## WHAT IS BEING ASKED
Output a character-exact copy of the data, images removed.

## DATA EXTRACT

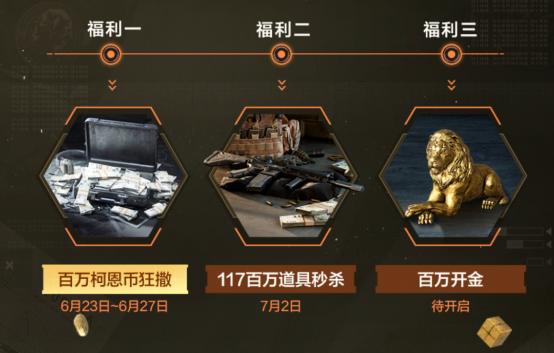 福星主播玩遍专区,每日整活挑战物资上限。作为暗区知名主播,也是暗区一周年的福星代表,近远行将在6月23日~6月27日每晚19点~22点开启第一阶段的福利活动,每日狂撒百万柯恩币!在本阶段的活动期间,近远行将会每天迎战一名主播,共持续五天。先锋每天仅需观看“福星”直播3分钟以上,即可领取柯恩币,并能够参与柯恩币抽奖。
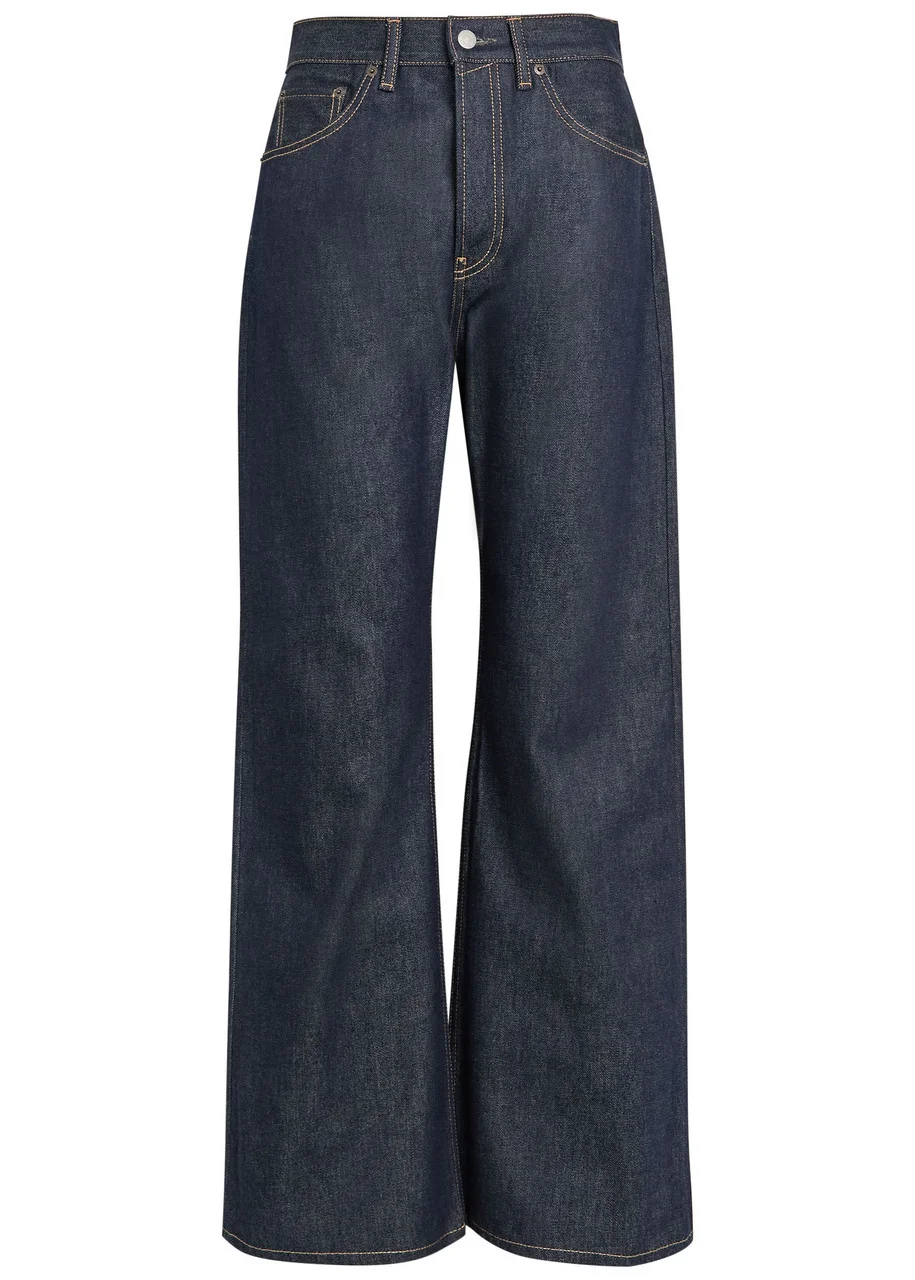 Info & Care Acne Studios denim jeans High-rise fit, wide-leg cut, belt loops, five pockets, designer plaque at back Partially concealed button fastenings at front 100% cotton Hand wash Size & Fit Front rise: 11 inches/ 28cm Inside leg length: 32 inches/ 81.5cm Midweight Model is 5'9"/ 175cm and wears a size W27
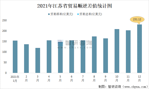 2021年江蘇省貿易順逆差值統計圖
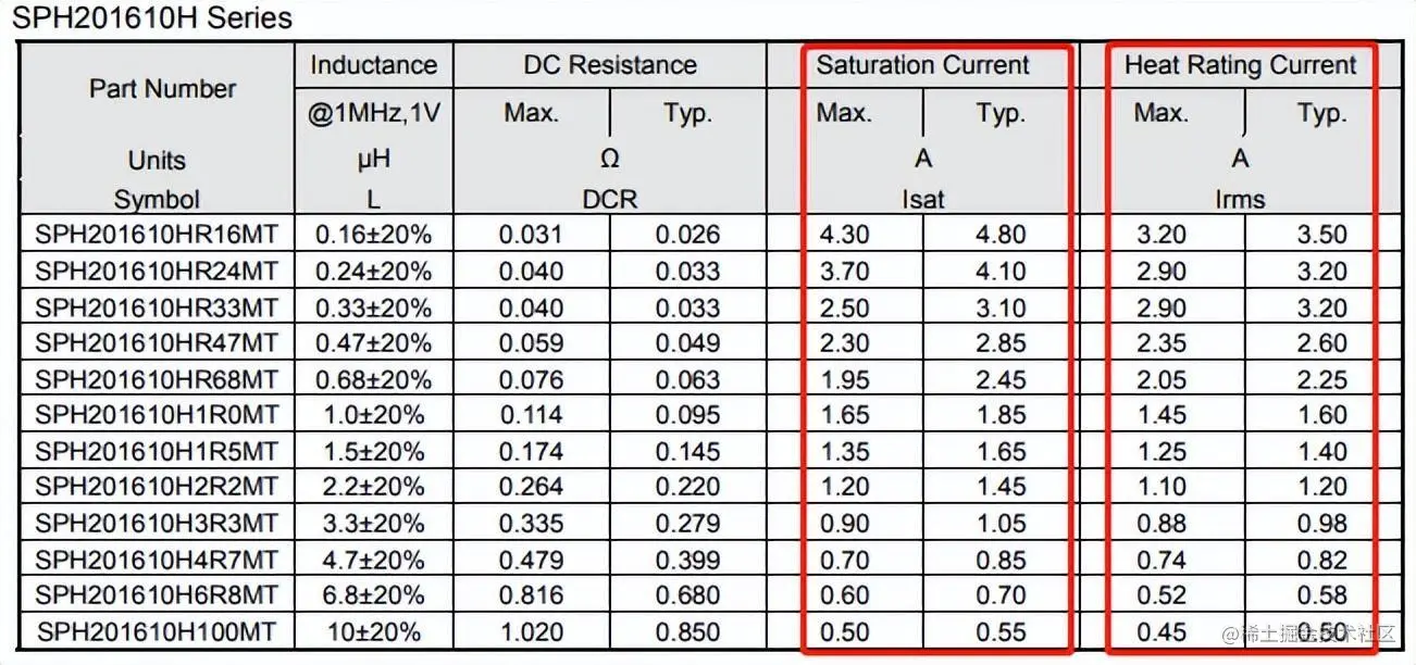 如下图所示,功率电感中有两个额定电流,Saturation Current 饱和电流和Heat Rating Current温升电流,在实际选型中我们是以那个为选型依据呢?

## TASK RESPONSE
 福星主播玩遍专区,每日整活挑战物资上限。作为暗区知名主播,也是暗区一周年的福星代表,近远行将在6月23日~6月27日每晚19点~22点开启第一阶段的福利活动,每日狂撒百万柯恩币!在本阶段的活动期间,近远行将会每天迎战一名主播,共持续五天。先锋每天仅需观看“福星”直播3分钟以上,即可领取柯恩币,并能够参与柯恩币抽奖。
 Info & Care Acne Studios denim jeans High-rise fit, wide-leg cut, belt loops, five pockets, designer plaque at back Partially concealed button fastenings at front 100% cotton Hand wash Size & Fit Front rise: 11 inches/ 28cm Inside leg length: 32 inches/ 81.5cm Midweight Model is 5'9"/ 175cm and wears a size W27
 2021年江蘇省貿易順逆差值統計圖
 如下图所示,功率电感中有两个额定电流,Saturation Current 饱和电流和Heat Rating Current温升电流,在实际选型中我们是以那个为选型依据呢?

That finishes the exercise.